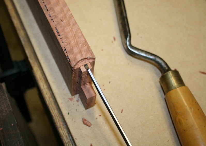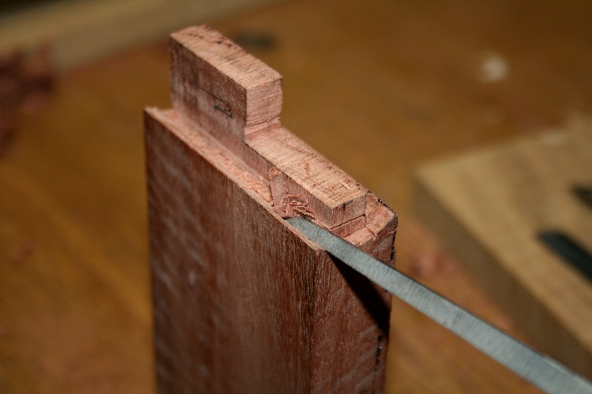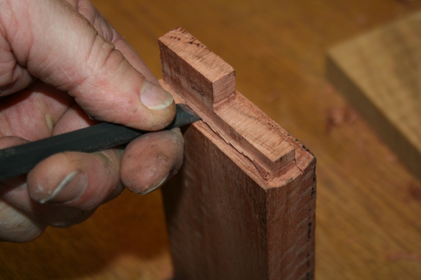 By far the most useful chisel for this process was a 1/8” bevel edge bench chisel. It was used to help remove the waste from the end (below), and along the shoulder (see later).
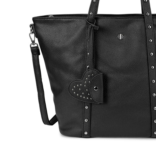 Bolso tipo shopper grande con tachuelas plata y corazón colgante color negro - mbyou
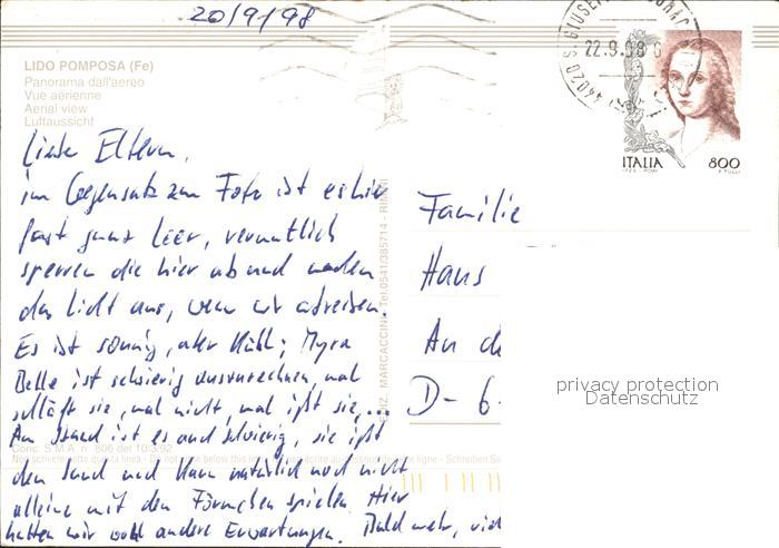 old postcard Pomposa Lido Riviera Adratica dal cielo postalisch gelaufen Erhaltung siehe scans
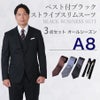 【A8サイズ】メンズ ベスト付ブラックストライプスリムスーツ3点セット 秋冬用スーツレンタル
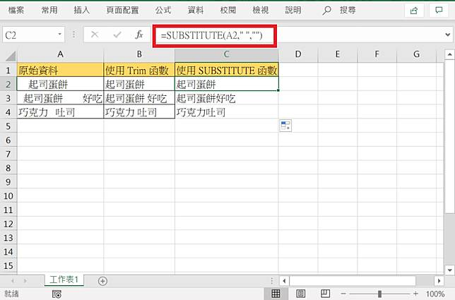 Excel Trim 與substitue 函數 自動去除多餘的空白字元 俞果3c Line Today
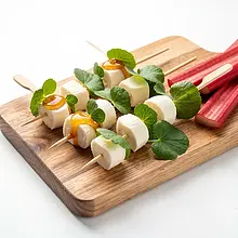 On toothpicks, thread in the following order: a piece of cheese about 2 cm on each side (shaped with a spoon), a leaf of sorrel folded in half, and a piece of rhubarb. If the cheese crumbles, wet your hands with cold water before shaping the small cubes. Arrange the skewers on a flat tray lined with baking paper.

────────────────────

What to produce: Quote every record above exactly, leaving out any pictures.

Response below:
 By far the most useful chisel for this process was a 1/8” bevel edge bench chisel. It was used to help remove the waste from the end (below), and along the shoulder (see later).
 Bolso tipo shopper grande con tachuelas plata y corazón colgante color negro - mbyou
 old postcard Pomposa Lido Riviera Adratica dal cielo postalisch gelaufen Erhaltung siehe scans
 【A8サイズ】メンズ ベスト付ブラックストライプスリムスーツ3点セット 秋冬用スーツレンタル
 Excel Trim 與substitue 函數 自動去除多餘的空白字元 俞果3c Line Today
 On toothpicks, thread in the following order: a piece of cheese about 2 cm on each side (shaped with a spoon), a leaf of sorrel folded in half, and a piece of rhubarb. If the cheese crumbles, wet your hands with cold water before shaping the small cubes. Arrange the skewers on a flat tray lined with baking paper.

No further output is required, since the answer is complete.